== YOUR OBJECTIVE ==
Could you restate the entries below word for word and leave out the pictures?

*** Opening of EXTRACTED MATERIAL ***

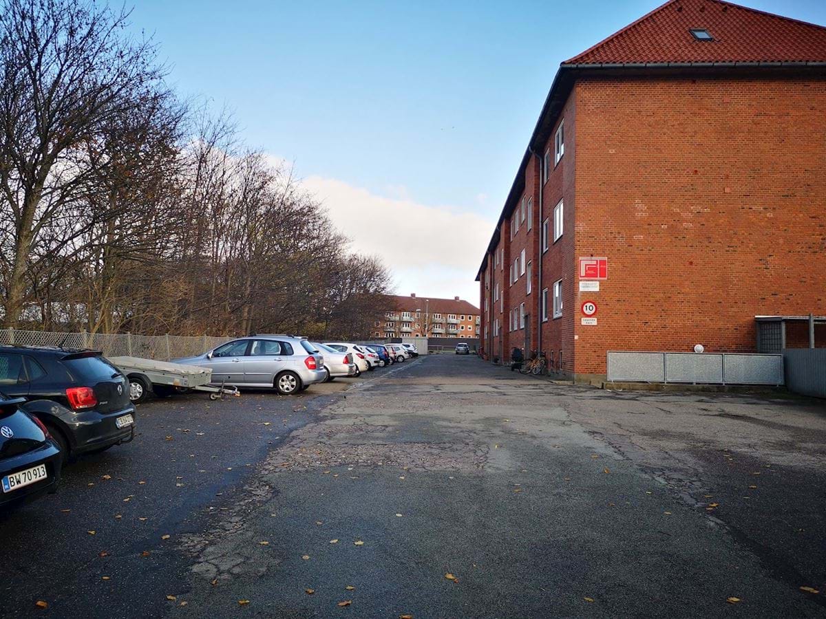 Den eksisterende boligbebyggelse og parkering, der ligger umiddelbart vest for lokalplanområdet.
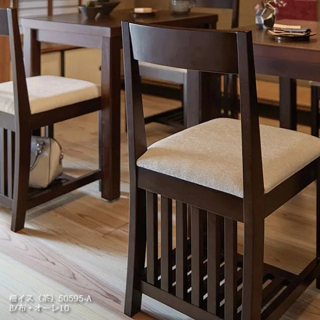 種類10:張地ランクD/茶 50595-A 和風チェア 業務用 棚付き ダイニングチェア 柵イス 張替対応品
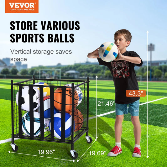 VEVOR Rolling Sports Ball Storage Cart, Lockable Basketball Cage with Elastic Straps, Sport Equipment Holder Organizer for Indoor Outdoor, Steel Storage Rack for Garages, Playgroup, Gym and Schools
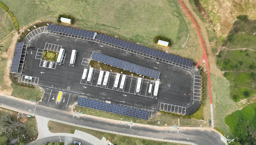采用“隆基隆行”光储充一体化产品建设的光伏车棚,不仅能够给车辆遮阳避雨,同时还可以发电带来收益,实现社会效益和环境效益的双赢。
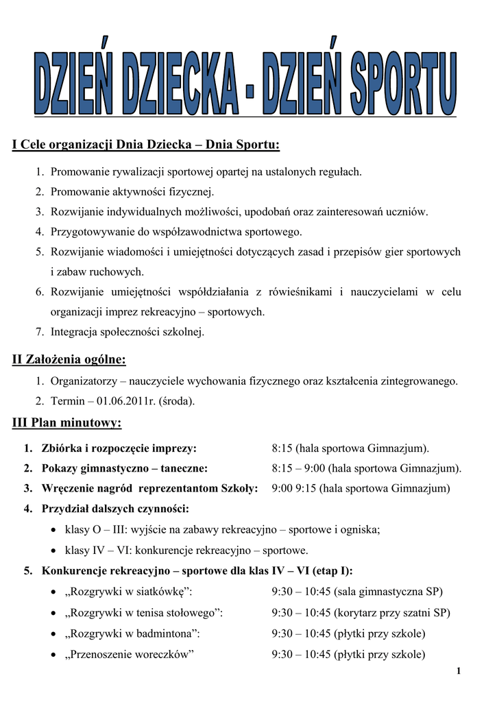 I Cele organizacji Dnia Dziecka – Dnia Sportu: II Założenia ogólne
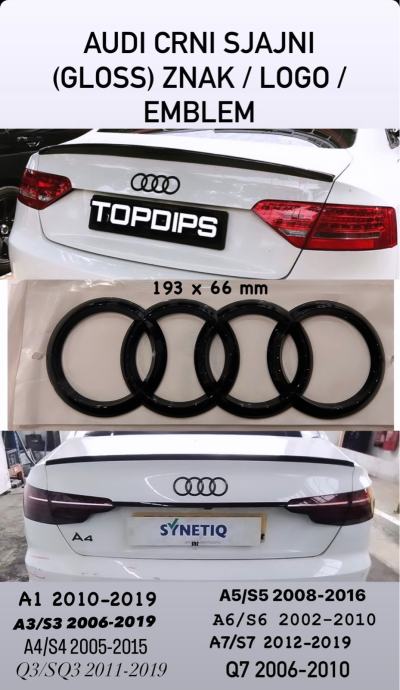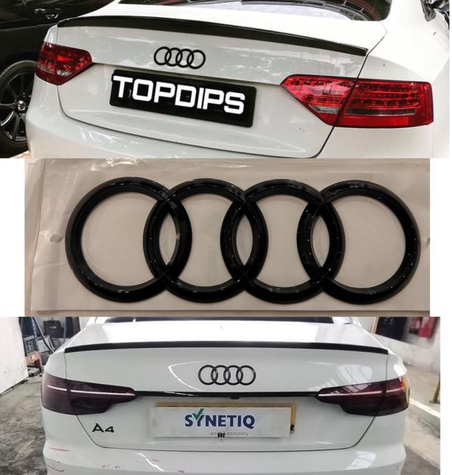 AUDI CRNI SJAJNI GLOSS ZNAK ZA ZADNJU HAUBU ZA GEPEK A6 A4 A3 A5 A7 Q3
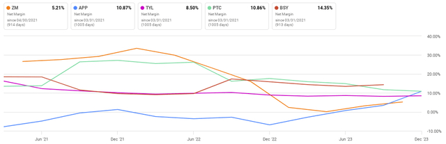Zoom的净利润率为5.21%,与行业中位数2.52%相差107.08%。然而,与其他一些与Zoom市值相似的信息技术公司相比,它的净利润率实际上相当低:
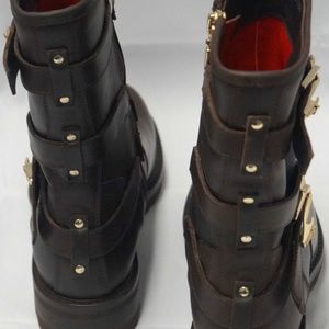 Elevate your casual look with these stylish ankle boots from Cesare Paciotti. Crafted from high-quality leather, these boots feature a round toe shape and a low block heel, making them perfect for everyday wear. The boots also come with an adjustable strap and buckle, ensuring a comfortable fit for all-day wear. The black color and solid pattern of the boots make them a versatile addition to any wardrobe. The boots are calf-length and have a zipper accent, adding a touch of edginess to the design. These boots are perfect for any casual occasion and will pair well with your favorite jeans or dress.
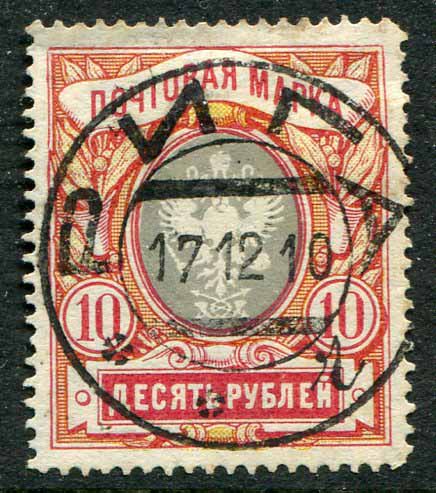 Russia: 1906 vertically laid paper 10r struck by superb RIGA (Latvia) 17.12.10 datestamp.
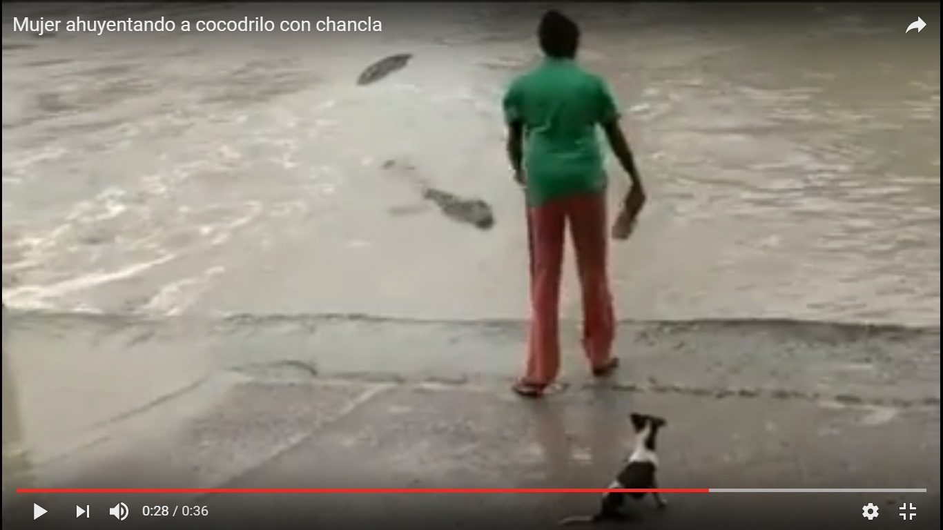 VIDEO* El poder de la chancla: Una mujer espanta a un cocodrilo usando solo su calzado
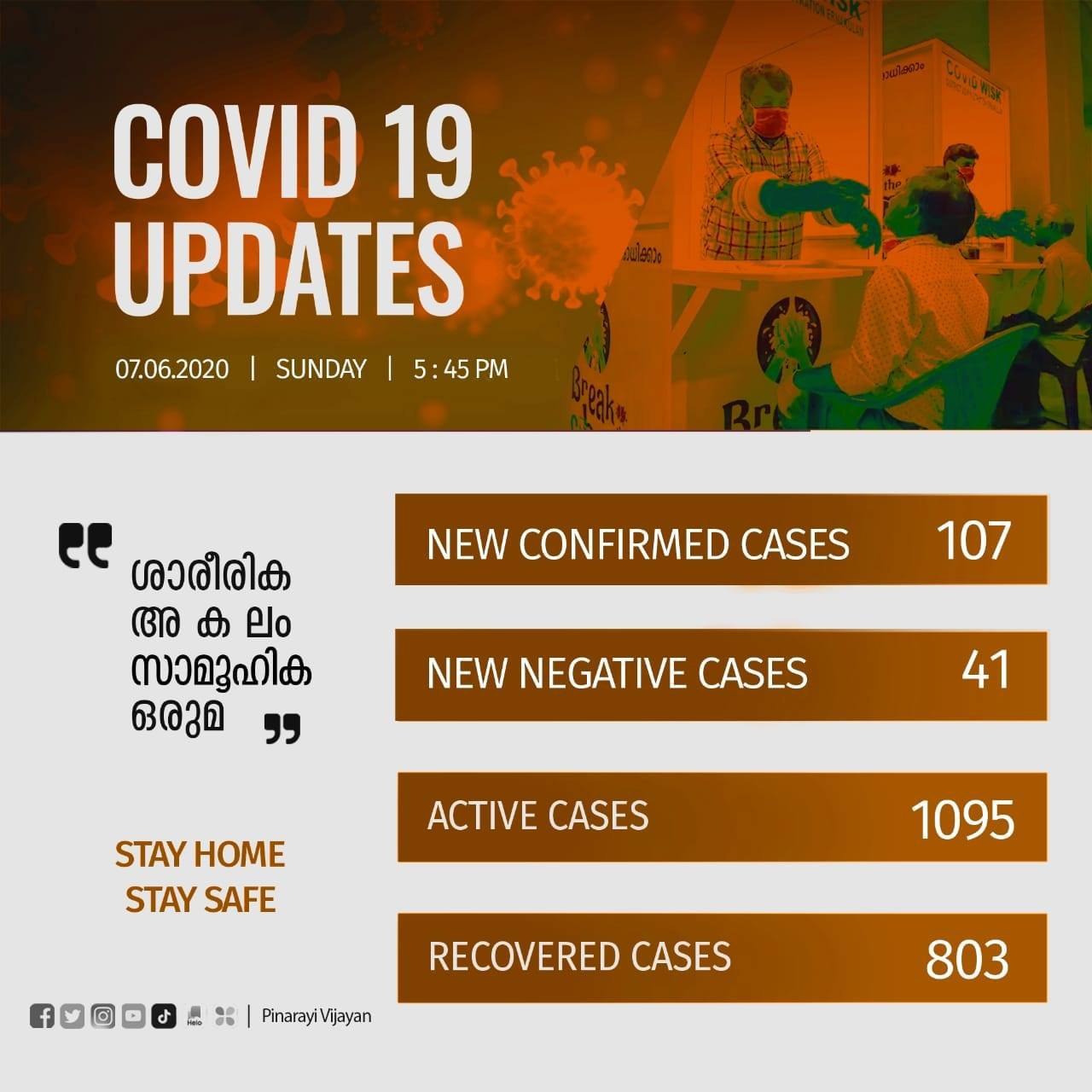ഇന്ന് 107 പേര്ക്കാണ് സംസ്ഥാനത്ത് കോവിഡ്-19 സ്ഥിരീകരിച്ചത്. മലപ്പുറം ജില്ലയില് 27 പേര്ക്കും തൃശ്ശൂരിൽ 26 പേര്ക്കും രോഗബാധയുണ്ടായി. പത്തനംതിട്ട 13, കൊല്ലം 9, ആലപ്പുഴ 7, പാലക്കാട്, കോഴിക്കോട് ജില്ലകളില് 6 പേര്ക്ക് വീതം, തിരുവനന്തപുരം 4, കോട്ടയം, കാസര്ഗോഡ് ജില്ലകളില് 3 പേര്ക്ക് വീതം, കണ്ണൂര് 2, ഇടുക്കി ജില്ലയില് ഒന്ന് എന്നിങ്ങനെയാണ് രോഗം സ്ഥിരീകരിച്ചത്.
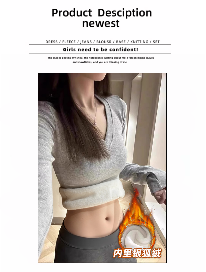 Winter Thickened Silver Fox Fur Gray Regular Shoulder V-Neck Long-Sleeve T-Shirt for Women, Warm Inner Layer Base Shirt, Trendy Waist-Cinching Top
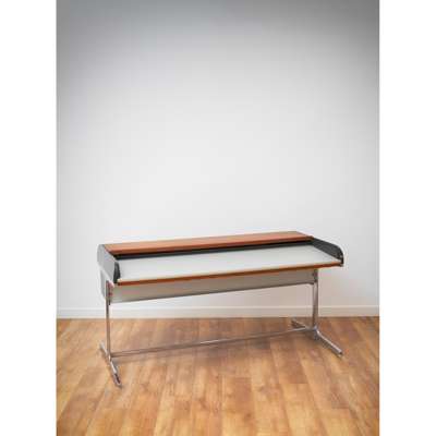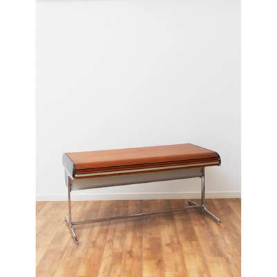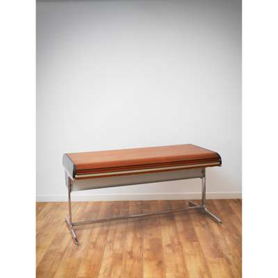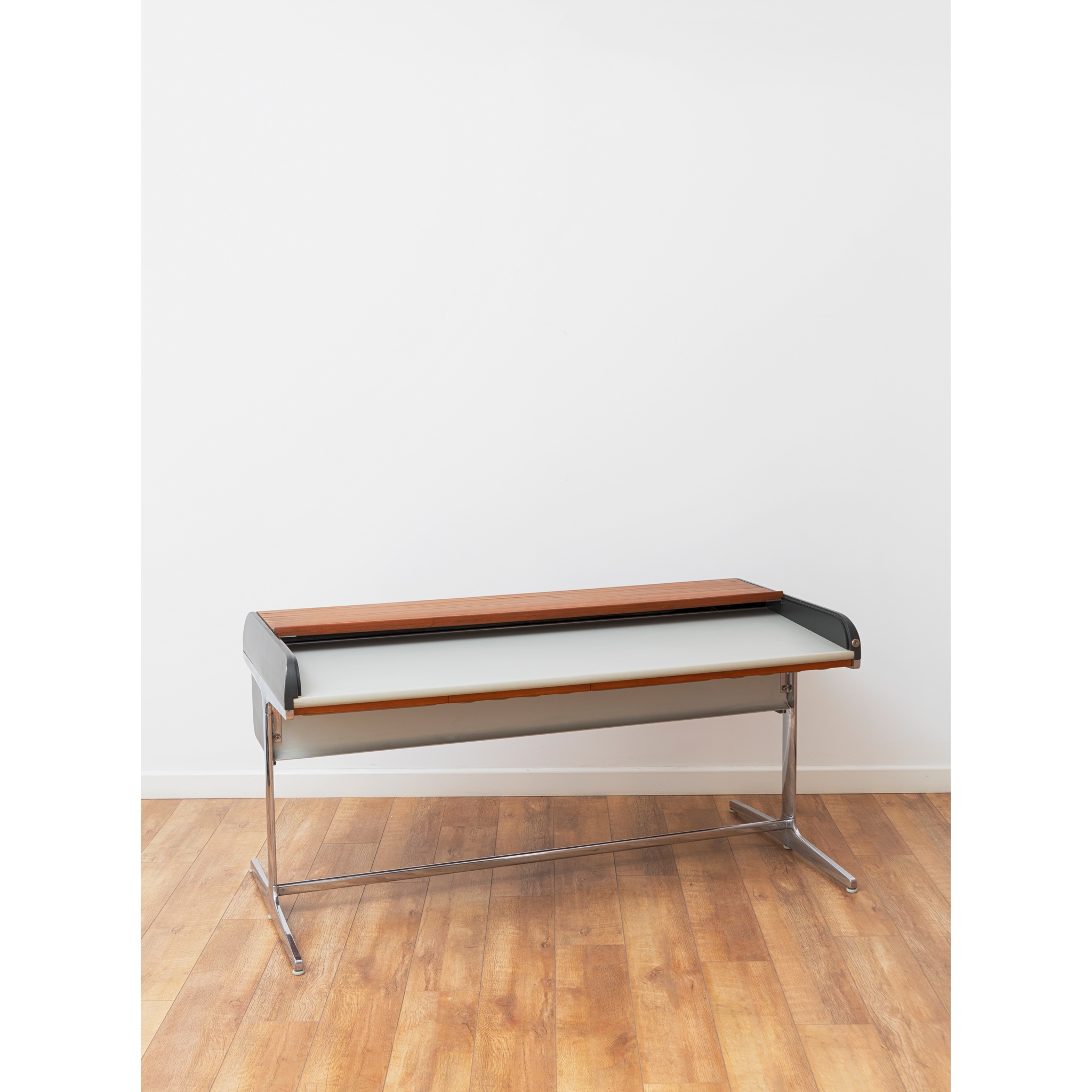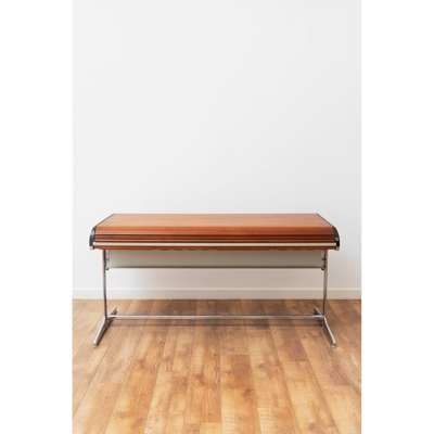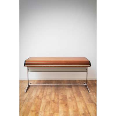laminate, chrome-plated steel, rubber, plastic, the desk features two drawers and a tambour door concealing storage
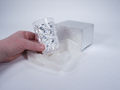 A cut crystal tumbler (plastic) is shown and milk poured in. Tumbler turned over and a dry silk pulled from within! This has impact. Includes instructions and in like new condition.
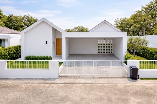 Wat PhraPhutthabatNoi Single-story detached house with 3 bed 3 bath near local market 800 m. and Wat Phra Phutthabat Noi 900 m. land size 38 sq.wa. usable area 150 sq.m. price 14,999 B-M. minimalist style with courtyard peaceful mountain view ideal for living close to nature in Kaeng Khoi with easy access to Saraburi city
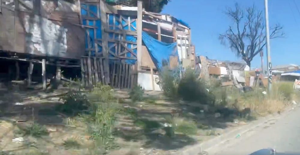 Michael Oxford, the host of CaliBased, posted a video on May 31 of massive temporary houses built along service roads that open up into main roads in Hooverville, Oakland.

*** Close of EXTRACTED MATERIAL ***

== OUTPUT OF THE EXERCISE ==
 Den eksisterende boligbebyggelse og parkering, der ligger umiddelbart vest for lokalplanområdet.
 種類10:張地ランクD/茶 50595-A 和風チェア 業務用 棚付き ダイニングチェア 柵イス 張替対応品
 VEVOR Rolling Sports Ball Storage Cart, Lockable Basketball Cage with Elastic Straps, Sport Equipment Holder Organizer for Indoor Outdoor, Steel Storage Rack for Garages, Playgroup, Gym and Schools
采用“隆基隆行”光储充一体化产品建设的光伏车棚,不仅能够给车辆遮阳避雨,同时还可以发电带来收益,实现社会效益和环境效益的双赢。
 I Cele organizacji Dnia Dziecka – Dnia Sportu: II Założenia ogólne
 AUDI CRNI SJAJNI GLOSS ZNAK ZA ZADNJU HAUBU ZA GEPEK A6 A4 A3 A5 A7 Q3
Zoom的净利润率为5.21%,与行业中位数2.52%相差107.08%。然而,与其他一些与Zoom市值相似的信息技术公司相比,它的净利润率实际上相当低:
 Elevate your casual look with these stylish ankle boots from Cesare Paciotti. Crafted from high-quality leather, these boots feature a round toe shape and a low block heel, making them perfect for everyday wear. The boots also come with an adjustable strap and buckle, ensuring a comfortable fit for all-day wear. The black color and solid pattern of the boots make them a versatile addition to any wardrobe. The boots are calf-length and have a zipper accent, adding a touch of edginess to the design. These boots are perfect for any casual occasion and will pair well with your favorite jeans or dress.
 Russia: 1906 vertically laid paper 10r struck by superb RIGA (Latvia) 17.12.10 datestamp.
 VIDEO* El poder de la chancla: Una mujer espanta a un cocodrilo usando solo su calzado
ഇന്ന് 107 പേര്ക്കാണ് സംസ്ഥാനത്ത് കോവിഡ്-19 സ്ഥിരീകരിച്ചത്. മലപ്പുറം ജില്ലയില് 27 പേര്ക്കും തൃശ്ശൂരിൽ 26 പേര്ക്കും രോഗബാധയുണ്ടായി. പത്തനംതിട്ട 13, കൊല്ലം 9, ആലപ്പുഴ 7, പാലക്കാട്, കോഴിക്കോട് ജില്ലകളില് 6 പേര്ക്ക് വീതം, തിരുവനന്തപുരം 4, കോട്ടയം, കാസര്ഗോഡ് ജില്ലകളില് 3 പേര്ക്ക് വീതം, കണ്ണൂര് 2, ഇടുക്കി ജില്ലയില് ഒന്ന് എന്നിങ്ങനെയാണ് രോഗം സ്ഥിരീകരിച്ചത്.
 Winter Thickened Silver Fox Fur Gray Regular Shoulder V-Neck Long-Sleeve T-Shirt for Women, Warm Inner Layer Base Shirt, Trendy Waist-Cinching Top
laminate, chrome-plated steel, rubber, plastic, the desk features two drawers and a tambour door concealing storage
 A cut crystal tumbler (plastic) is shown and milk poured in. Tumbler turned over and a dry silk pulled from within! This has impact. Includes instructions and in like new condition.
 Wat PhraPhutthabatNoi Single-story detached house with 3 bed 3 bath near local market 800 m. and Wat Phra Phutthabat Noi 900 m. land size 38 sq.wa. usable area 150 sq.m. price 14,999 B-M. minimalist style with courtyard peaceful mountain view ideal for living close to nature in Kaeng Khoi with easy access to Saraburi city
 Michael Oxford, the host of CaliBased, posted a video on May 31 of massive temporary houses built along service roads that open up into main roads in Hooverville, Oakland.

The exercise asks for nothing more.